PROVIDED DATA section start
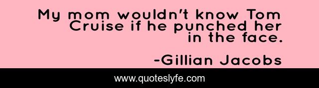 This page presents the quote "My mom wouldn't know Tom Cruise if he punched her in the face.". Author of this quote is Gillian Jacobs. This quote is about her, face,.
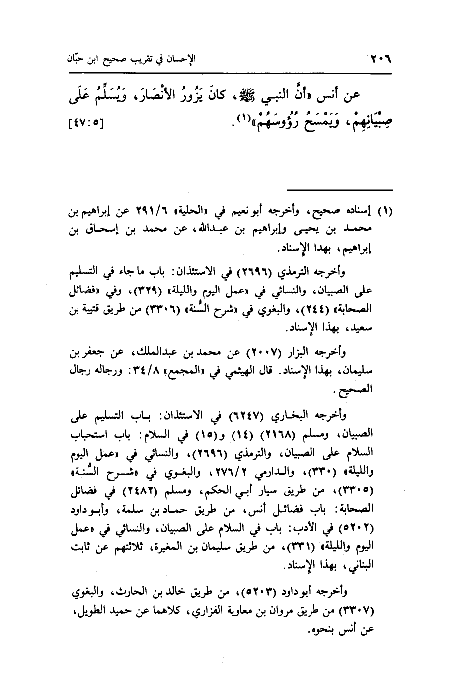 عَنْ أَنَسٍ "أَنَّ النَّبِيَّ صَلَّى اللَّهُ عَلَيْهِ وَسَلَّمَ كَانَ يَزُورُ الْأَنْصَارَ وَيُسَلِّمُ عَلَى صِبْيَانِهِمْ ويمسح رؤوسهم" 1.
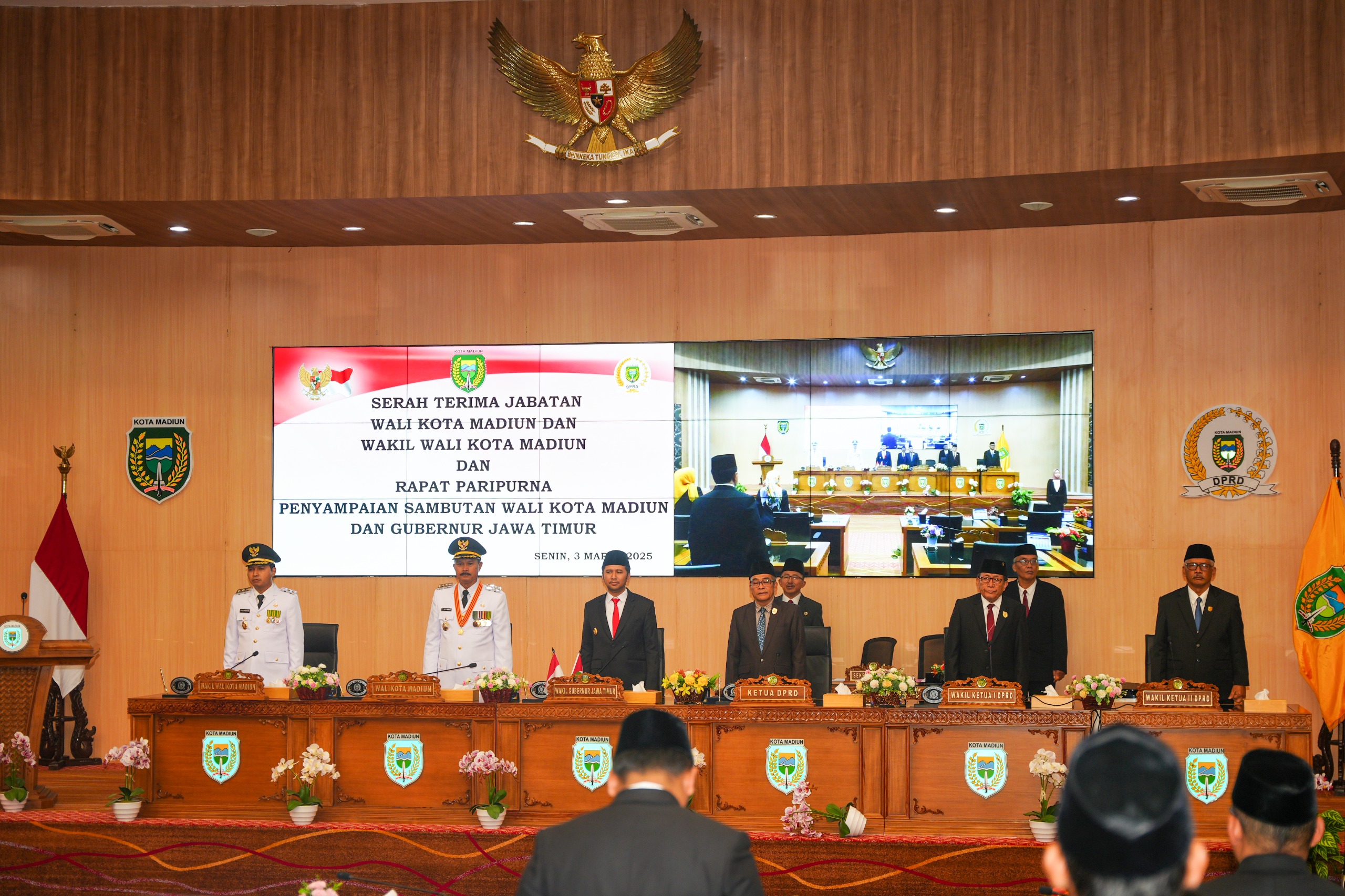 MADIUN - Serah terima jabatan (Sertijab) dari Penjabat (Pj) Wali Kota Madiun, Eddy Supriyanto, kepada Wali Kota Madiun terpilih, Dr. Maidi, dan Wakil Wali Kota Madiun, F. Bagus Panuntun, berlangsung khidmat dalam rapat paripurna DPRD Kota Madiun, Senin (3/3).
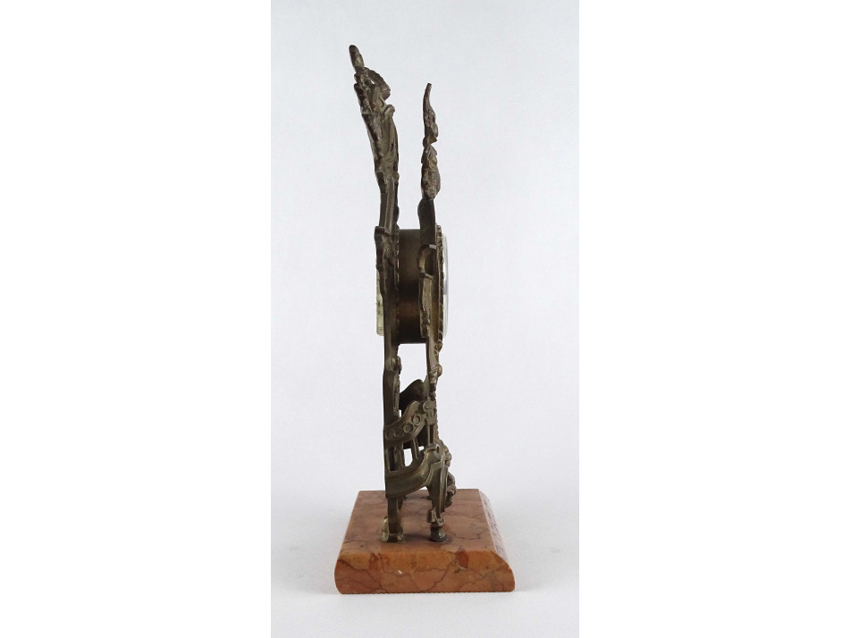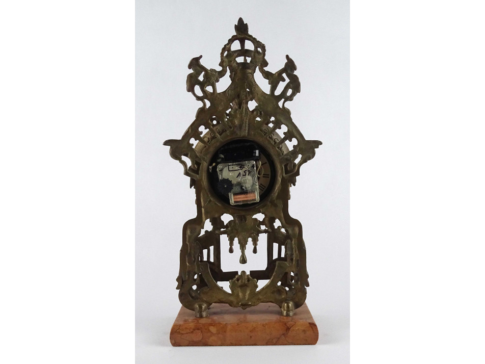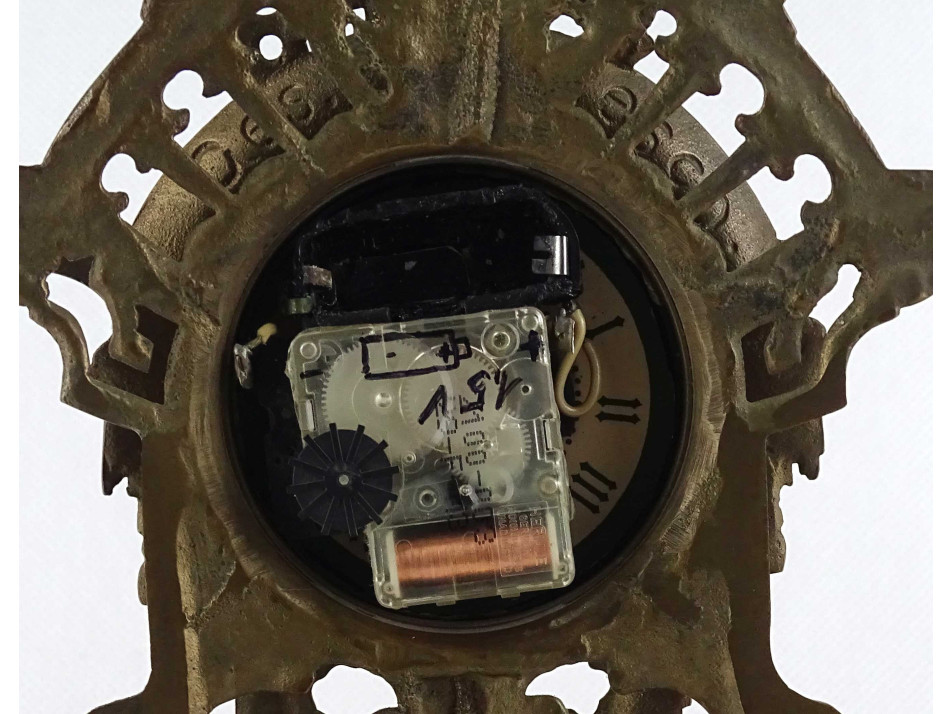 Régi, réz testű asztali óra, kandalló óra márvány talapzaton. Plasztikus barokk motívumokkal gazdagon díszített impozáns darab. Benne modern digitális óraszerkezet található. Az óra jelenleg nem működik, karbantartásra szorul.
PROVIDED DATA section end
## TASK TO COMPLETE
Starting at the line that contains "MADIUN - Serah", output every line through the end of the data, both ends included, and nothing else; pictures stay out.

## ANSWER TO THE EXERCISE
 MADIUN - Serah terima jabatan (Sertijab) dari Penjabat (Pj) Wali Kota Madiun, Eddy Supriyanto, kepada Wali Kota Madiun terpilih, Dr. Maidi, dan Wakil Wali Kota Madiun, F. Bagus Panuntun, berlangsung khidmat dalam rapat paripurna DPRD Kota Madiun, Senin (3/3).
 Régi, réz testű asztali óra, kandalló óra márvány talapzaton. Plasztikus barokk motívumokkal gazdagon díszített impozáns darab. Benne modern digitális óraszerkezet található. Az óra jelenleg nem működik, karbantartásra szorul.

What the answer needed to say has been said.